The whole process is divided into two steps: Tool Recognition and Phase Recognition.
Tool usage signals can be used to generate more discriminative features for phase recognition. The aim of tool recognition is to capture information (e.g. motion/orientation of the tools) and visual cues (e.g. lighting/color) to potentially improve phase recognition. In addition to helping phase detection, the tool detection task itself is an interesting problem because it can be used in other applications, like to automatically index a surgical video database by labeling the tool present in the videos. Here we have used ResNet-152 architecture towards multi-label classification in 7 tool classes.

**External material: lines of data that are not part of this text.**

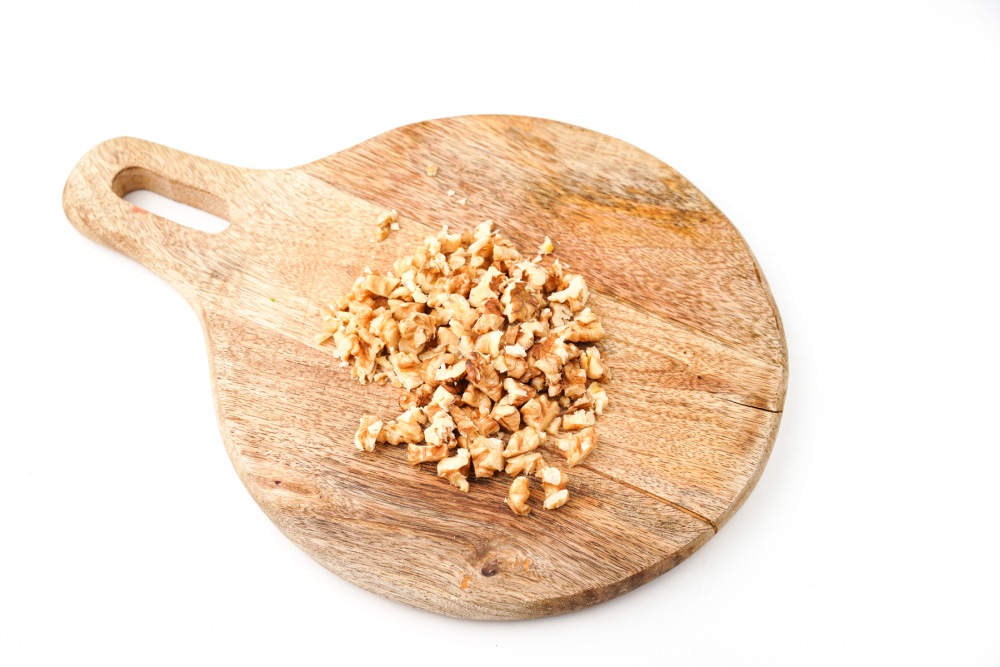 Промыть грецкие орехи, обсушить и порубить ножом на крупные кусочки, чтобы они чувствовались в салате и давали приятный хруст.
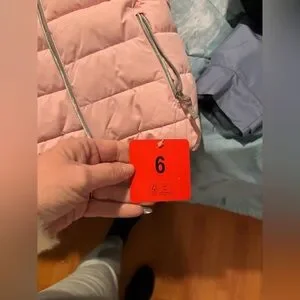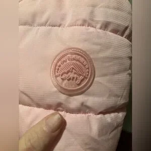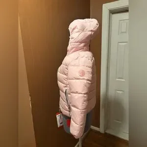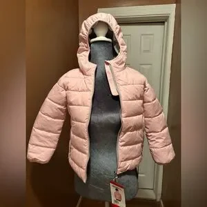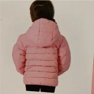 Charming light pink puffer coat. Includes a cozy hood and secure front zipper. Ideal for warmth and style.
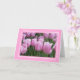 O cartão de aniversário é mostrado a rosa com um impressão de fotos de tulipas cor-de-rosa bonito. Personalize este cartão ou comprar como está. Adicione seu próprio dentro de desejo especial ou vazio de comprar. Imagem licenciada
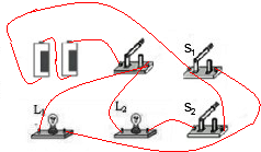 D.S1、S2、S3均閉合時(shí),燈L1亮,燈L2不亮
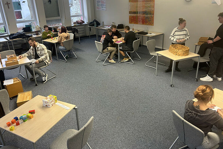 An sechs Stationen erprobte der Kurs verschiedene Möglichkeiten des Konstruktionsspiels.

Various types of features have been used to carry out the phase recognition task like binary tool usage signals. However, these features are typically obtained through a manual annotation process, which is cumbersome. Another feature type that is typically used is visual features, such as pixel values, the combination of features (color, texture, and shape) which are handcrafted. Due to this, possible significant characteristics of images are lost.
We plan to learn inherent visual features from surgical videos using ResNet-152 because they have dramatically improved the results for various image recognition tasks in recent years. Also, it is better to automatically learn the features from laparoscopic videos because of the visual challenges like non-static camera, which make it difficult to design suitable features.
In feature extraction, the model learned in tool detection will be used to produce image features that will feed to the phase recognition task for multi-class phase classification. For phase recognition, since the data is temporal, we decided to pursue recurrent neural networks approach as mentioned in [9] and decided on testing RNN, GRU and LSTM architectures. Out of these three, GRU ended up with best results.